[EXERCISE REQUIREMENTS] Each line from the one that holds "公安部下半旗志哀 悼念八位海地地震遇难中国维和警察 来源:新华网" to the end of the records is to be retyped exactly. Pictures are not part of the copy.

[Stored items from a collection]
######
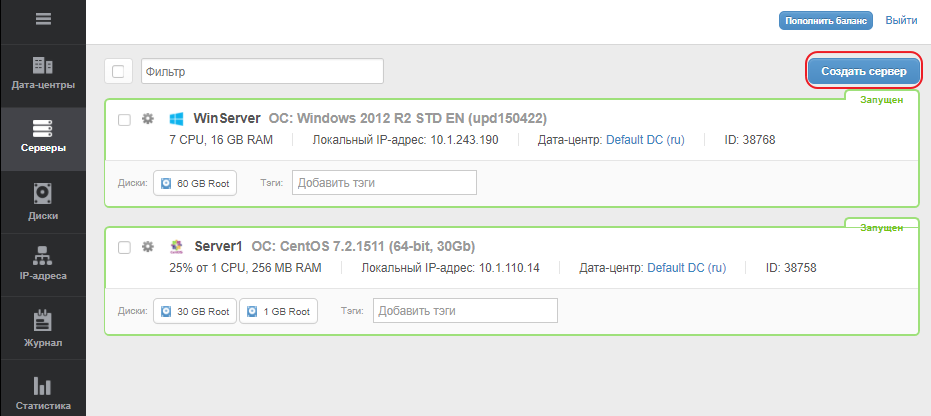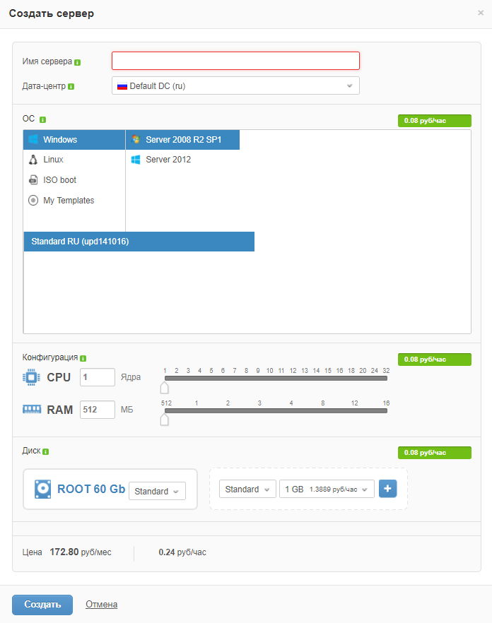 Стоимость аренды сервера складывается из стоимости лицензии на ОС, стоимости конфигурации сервера, стоимости корневого диска и стоимости дополнительного диска. Итоговая стоимость в месяц (30 дней) и в час указана слева от надписи Цена внизу окна.- Нажмите кнопку Создать. Новый сервер добавится в систему, а его графическое изображение появится в рабочей области главной страницы раздела Серверы.
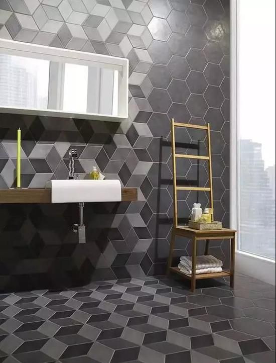 将六角形分割成3个菱形方块,采用深浅不一的灰阶色调,在视觉上构成立体感,相当具有摩登风范!
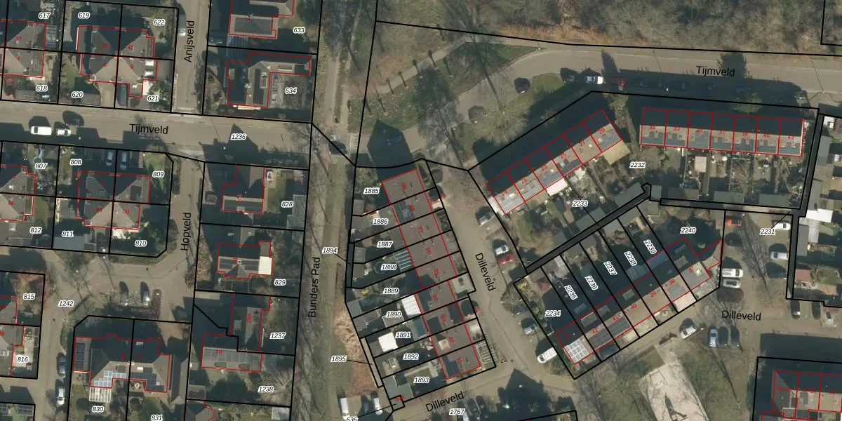Gebruik de zoekbalk of klik op een perceel voor informatie over de adressen binnen dit perceel.
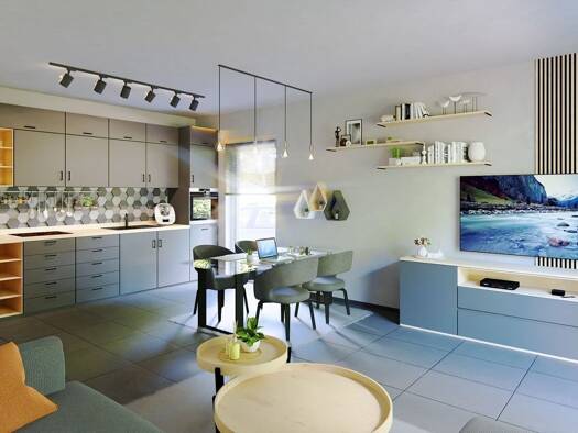 Dieser Bungalow bietet eine ideale Lösung für komfortables Wohnen auf kleinem Raum. Mit einer Fläche von rund 72 m² kombiniert er Funktionalität und Stil. Im offenen Wohn-Ess-Koch-Bereich fließen Küc...
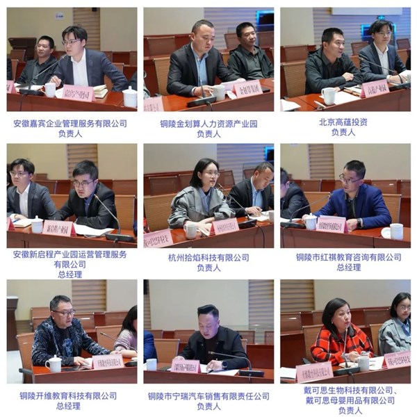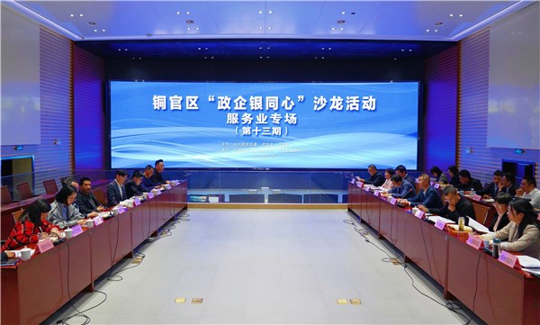 11月8日下午,第十三期“政企银同心”沙龙——推动服务业高质量发展专场活动在区智慧铜官运营管理中心举办。区委书记王书春主持活动并讲话。区领导石之甫、汪志祥、任熙儒、叶翔,安徽嘉宾企业管理服务公司、铜陵金划算人力资源产业园、北京高蕴投资公司、安徽新启程产业园、杭州拾焰科技公司、铜陵红祺教育咨询公司、铜陵开维教育科技公司、铜陵宁瑞汽车销售公司、安徽戴可思生物科技公司负责人,相关区直部门和部分金融机构负责人参加。
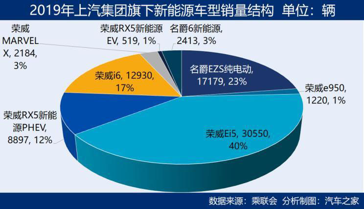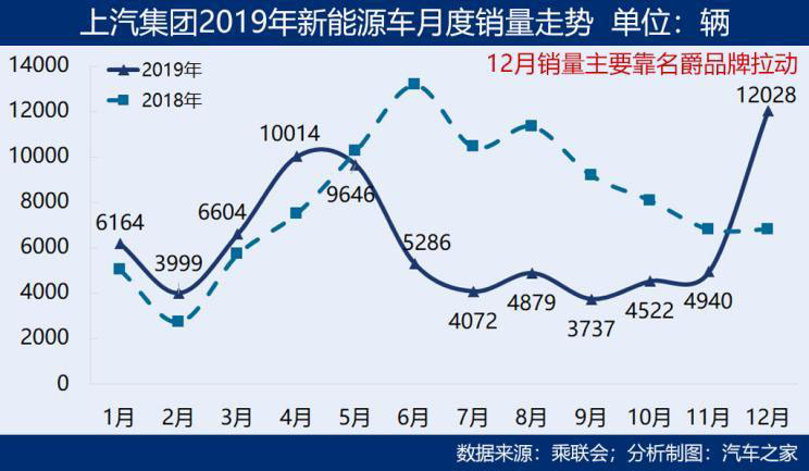 上汽集團(tuán)的新能源車型有榮威和名爵兩個(gè)板塊,榮威品牌是上汽集團(tuán)的新能源“老家底”,而名爵品牌去年開始推出純電動(dòng)車型和插電式混合動(dòng)力車型各一款。2019年上汽集團(tuán)銷量中純電動(dòng)車型5.04萬輛,插電式混合動(dòng)力車型2.55萬輛。12月份的銷量沖高,主要來自榮威Ei5的貢獻(xiàn)。即便如此,2019年全年上汽集團(tuán)旗下新能源車銷量還是同比下降了21.75%。
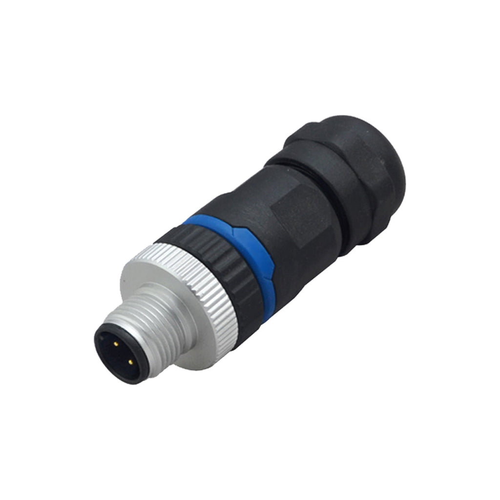 This M12 A-coded 4-pin male straight connector features a plastic housing and screw clamp for 6–8mm cables. With 250V/4A power rating, it’s ideal for industrial automation, sensors, robotics, and more.
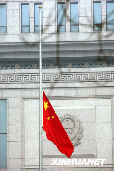 公安部下半旗志哀 悼念八位海地地震遇难中国维和警察 来源:新华网 作者:唐师曾 发布时间:2010-01-19 14:26:35 浏览次数: 次 【字体:小 大】 1月19日,根据国旗法相关规定,为悼念八位海地地震遇难中国维和警察,公安部下半旗志哀。新华社记者 陈建力 摄 1月19日,根据国旗法相关规定,为悼念八位海地地震遇难中国维和警察,公安部下半旗志哀。 新华社记者唐师曾摄 1月19日,根据国旗法相关规定,为悼念八位海地地震遇难中国维和警察,公安部下半旗志哀。 智能标签: 公安部 下半旗志哀 相关内容 【打印正文】
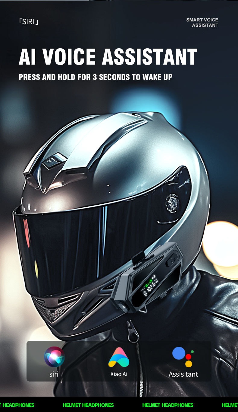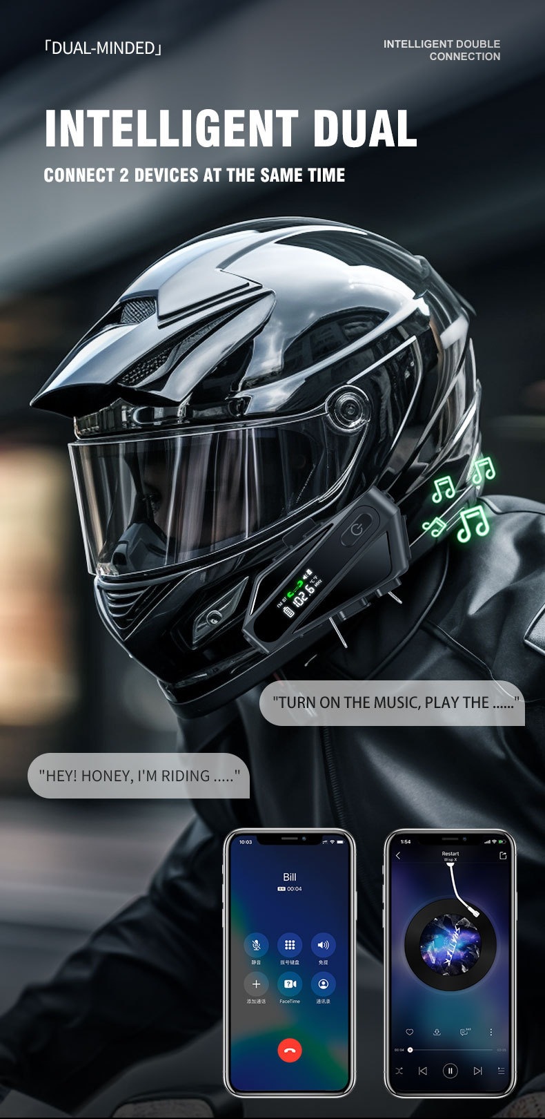 Шлем мотоциклетный C6 с двойным интеркомом и Bluetooth гарнитурой, ЖК экран, радио, интеллектуальное шумоподавление, голосовой помощник
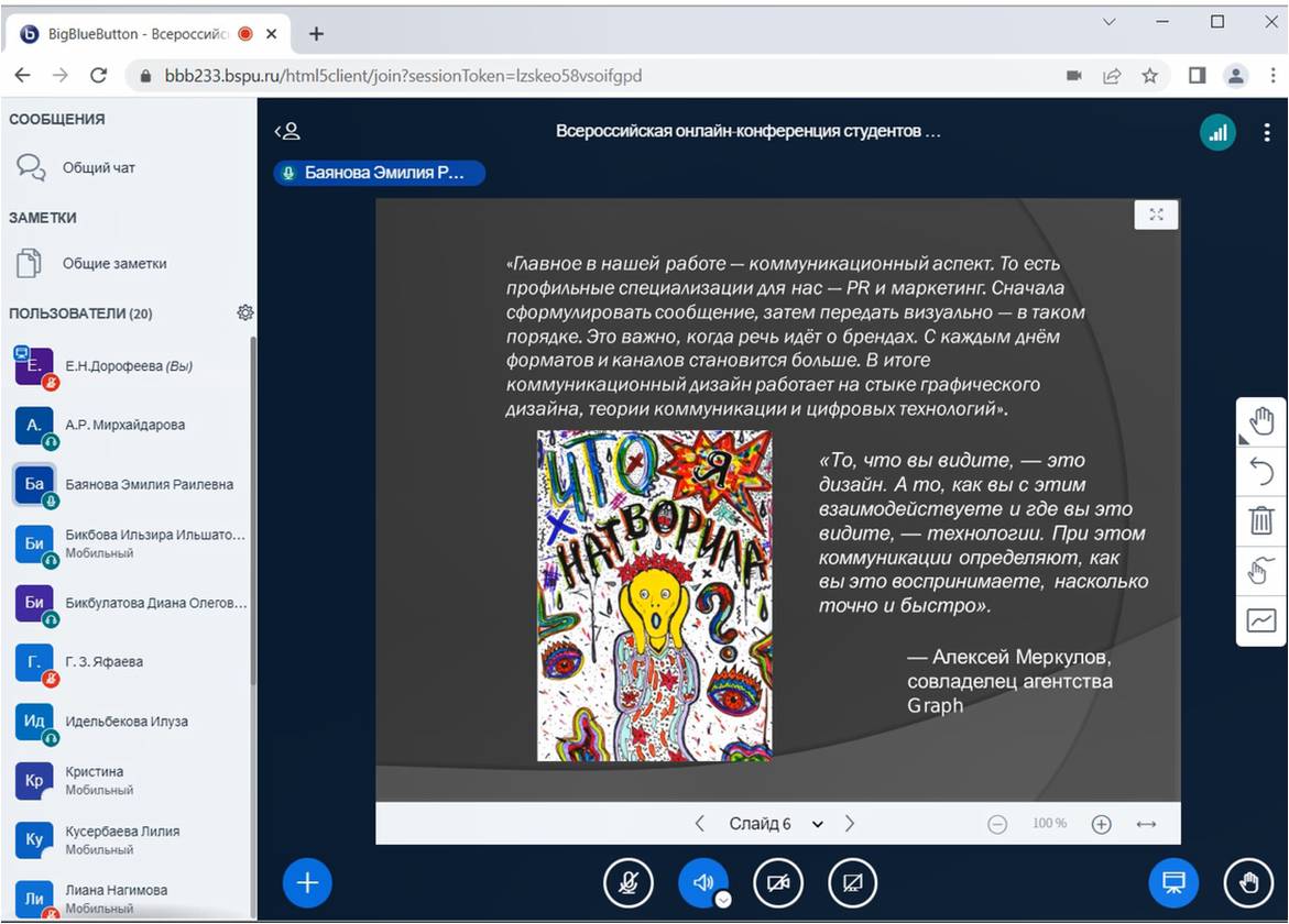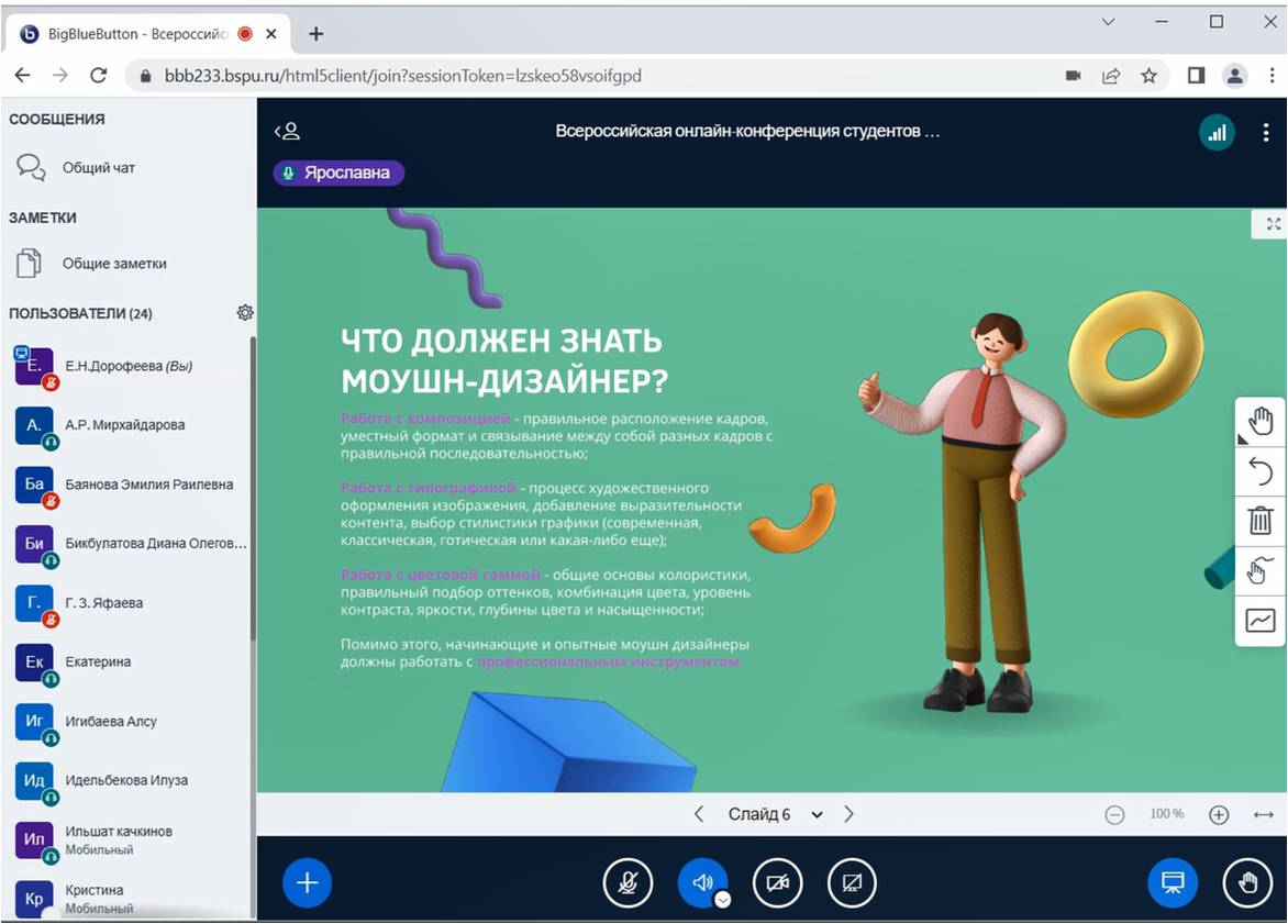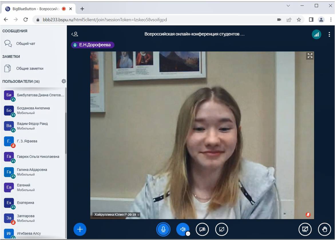 Конференция проводилась в дистанционном формате с использованием университетской платформы BigBlueButton.
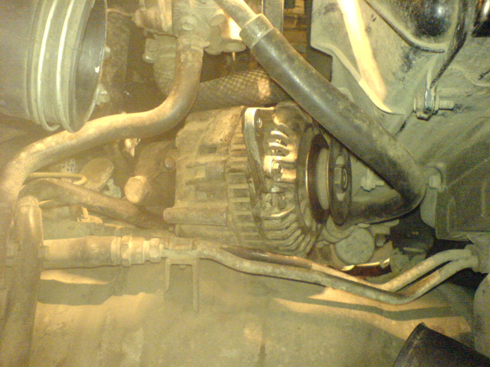 Снимаем генератор. Кто-то говорил что его без откручивания маслофильтра вынуть не возможно. У меня получилось. Пригибаем шланги от радиатора. И с трудом он пролазит.
######
[WRITTEN SOLUTION]
 公安部下半旗志哀 悼念八位海地地震遇难中国维和警察 来源:新华网 作者:唐师曾 发布时间:2010-01-19 14:26:35 浏览次数: 次 【字体:小 大】 1月19日,根据国旗法相关规定,为悼念八位海地地震遇难中国维和警察,公安部下半旗志哀。新华社记者 陈建力 摄 1月19日,根据国旗法相关规定,为悼念八位海地地震遇难中国维和警察,公安部下半旗志哀。 新华社记者唐师曾摄 1月19日,根据国旗法相关规定,为悼念八位海地地震遇难中国维和警察,公安部下半旗志哀。 智能标签: 公安部 下半旗志哀 相关内容 【打印正文】
 Шлем мотоциклетный C6 с двойным интеркомом и Bluetooth гарнитурой, ЖК экран, радио, интеллектуальное шумоподавление, голосовой помощник
 Конференция проводилась в дистанционном формате с использованием университетской платформы BigBlueButton.
 Снимаем генератор. Кто-то говорил что его без откручивания маслофильтра вынуть не возможно. У меня получилось. Пригибаем шланги от радиатора. И с трудом он пролазит.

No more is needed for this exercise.